Jul 24, 2020
"Animal Cracker" debuts on Netflix after 3 years of delivery hell
Animal Crackers, a cg family film by first-time feature director Scott Christian Sava and veteran Tony Bancroft, has premiered on Netflix. The fact that it has reached our screens at all is newsworthy.
Why did the film take so long to become available- Because the film has been stuck in distribution limbo for three years. The production, which ran from 2014 to 2017, went over budget, embroiling Sava in financial deals that he struggled to honor. These problems complicated efforts to secure a distributor, and he eventually lost control of the film to an investor, who sold the global rights to Netflix. The saga is recounted in a report by Variety.

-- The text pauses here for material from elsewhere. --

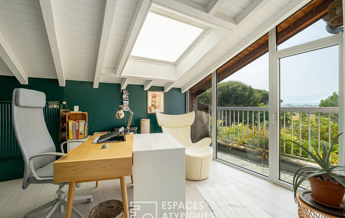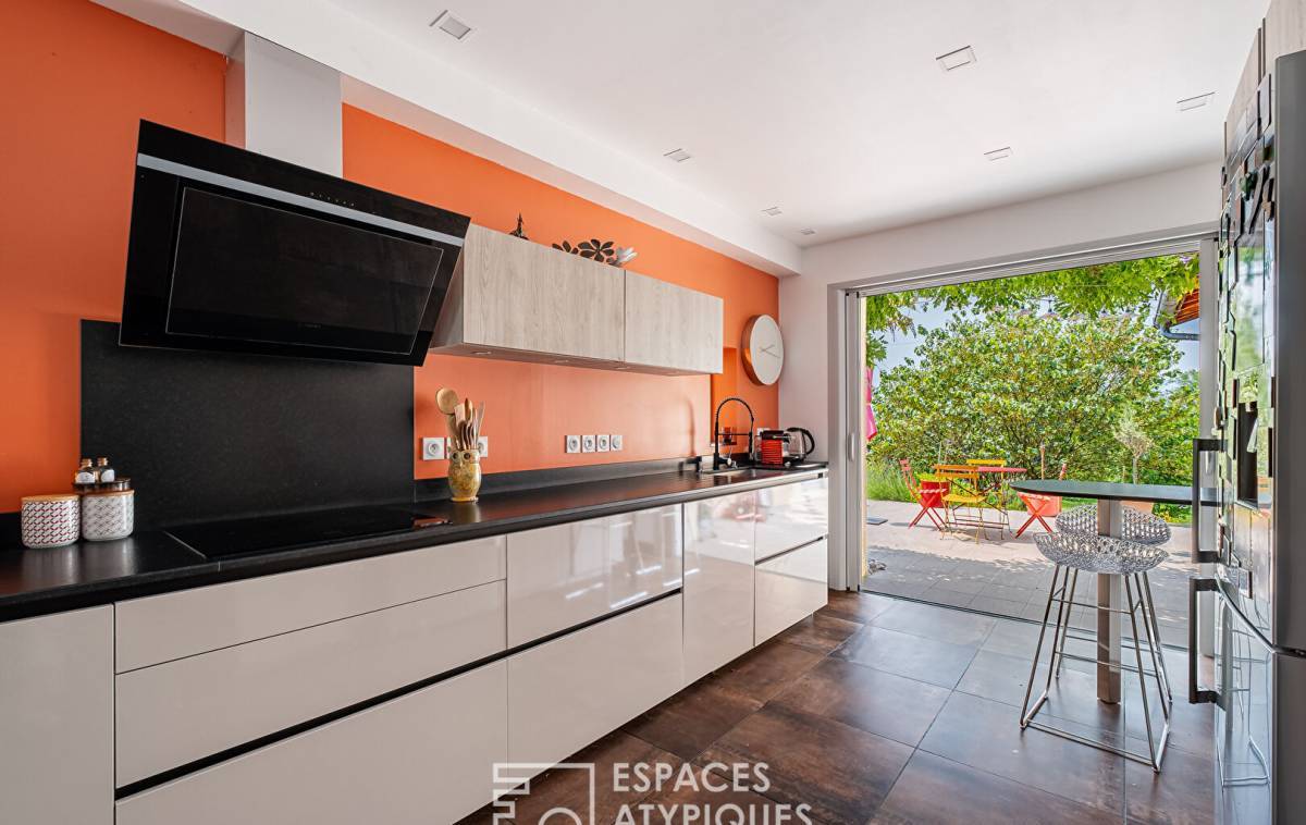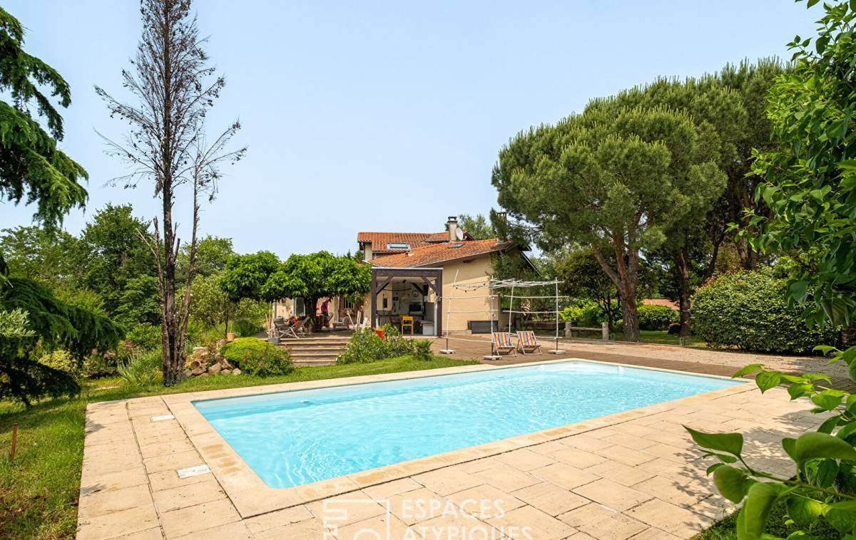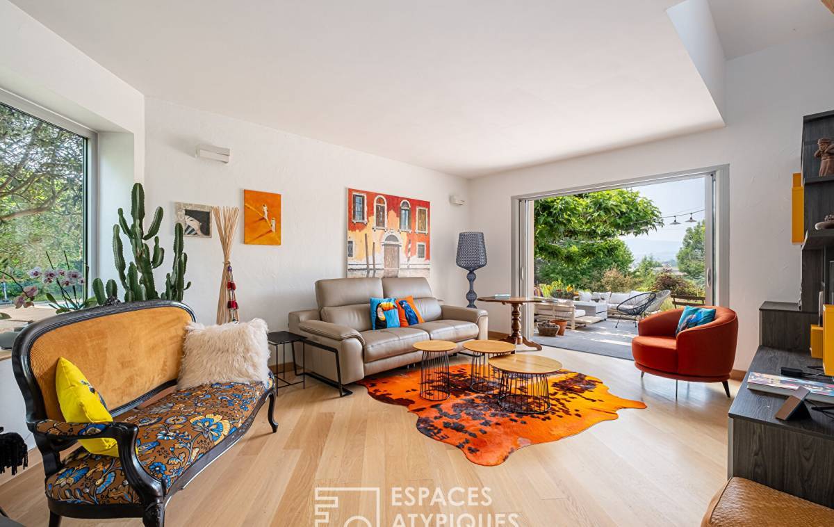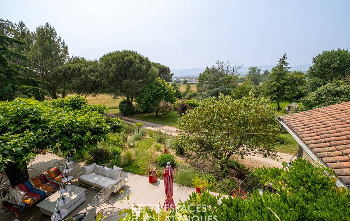 Located in Brindas, on the edge of Francheville, this architect-designed house of over 200 sqm is set in a preserved and confidential environment, on a wooded plot of 6,500 sqm to be admired from every room of the house. Entirely renovated with quality materials, it combines character, brightness and serenity in a resolutely contemporary spirit, in the heart of the countryside. The entrance leads on one level to a vast living room composed of a cozy living room, a dining room and a kitchen perfectly integrated into the whole. The sliding doors allow access to the garden from the entire space. Three bedrooms are spread over this level, accompanied by a bathroom with a walk-in shower and bathtub. Upstairs, a master suite opens onto a light-filled office with views of the surrounding nature, offering an intimate and soothing space. The lower level has a bedroom designed as a studio with a separate entrance, ideal according to the needs of each individual. A laundry room, a cellar and a large annex room complete this level which could accommodate a games room, a creative space or a music room. The exteriors have been carefully designed to offer different atmospheres: swimming pool, pétanque court, shaded terraces, flower beds which are arranged around large trees and omnipresent nature. A shed located in the garden allows the parking of a vehicle or the storage of equipment. The calm, the conviviality and the openings onto the landscape make this house a rare proposition. DPE in progress

So Netflix didn't produce the film- No. The film was a passion project for Sava, who based the story on a comic he'd written for his sons. Over time, the film secured $19.5 million from investors in Seattle, South Korea, and China. In 2014, the Tennessean reported that he had received offers from Warner Bros., Disney, DreamWorks, Sony, and Harvey Weinstein. None came to pass, and Sava produced the film through his Nashville, Tennessee-based Blue Dream Studios, with the animation done in Spain at a subsidiary of the studio.
What happened then- Sava struck agreements with multiple distributors, which went nowhere. One, Ryan Kavanaugh's Relativity Media, faced multiple bankruptcies, while another, Byron Allen's Entertainment Studios, also failed to release the film. When we spoke to Sava in May 2018, he had just pressured Allen to act by unilaterally announcing a release date. “In Hollywood, all you get is words,” he told us.
Meanwhile, Sava was negotiating with Rodger May, a seafood magnate turned film investor, who had loaned him $5 million to complete the movie. Variety details how their relationship soured through disagreements over who was owed what. It culminated in a lawsuit, which saw May take control of the rights.
What about the film itself- It premiered at Annecy back in 2017 to warm reviews. Remarkably for a first-time filmmaker, Sava managed to attract an all-star voice cast, led by Emily Blunt and John Krasinski, as well as an experienced co-director in Tony Bancroft (Mulan). Netflix is finally giving the film the global audience Sava craved, even if it isn't quite on his terms. He recently told Animation Magazine, “I couldn't be happier.”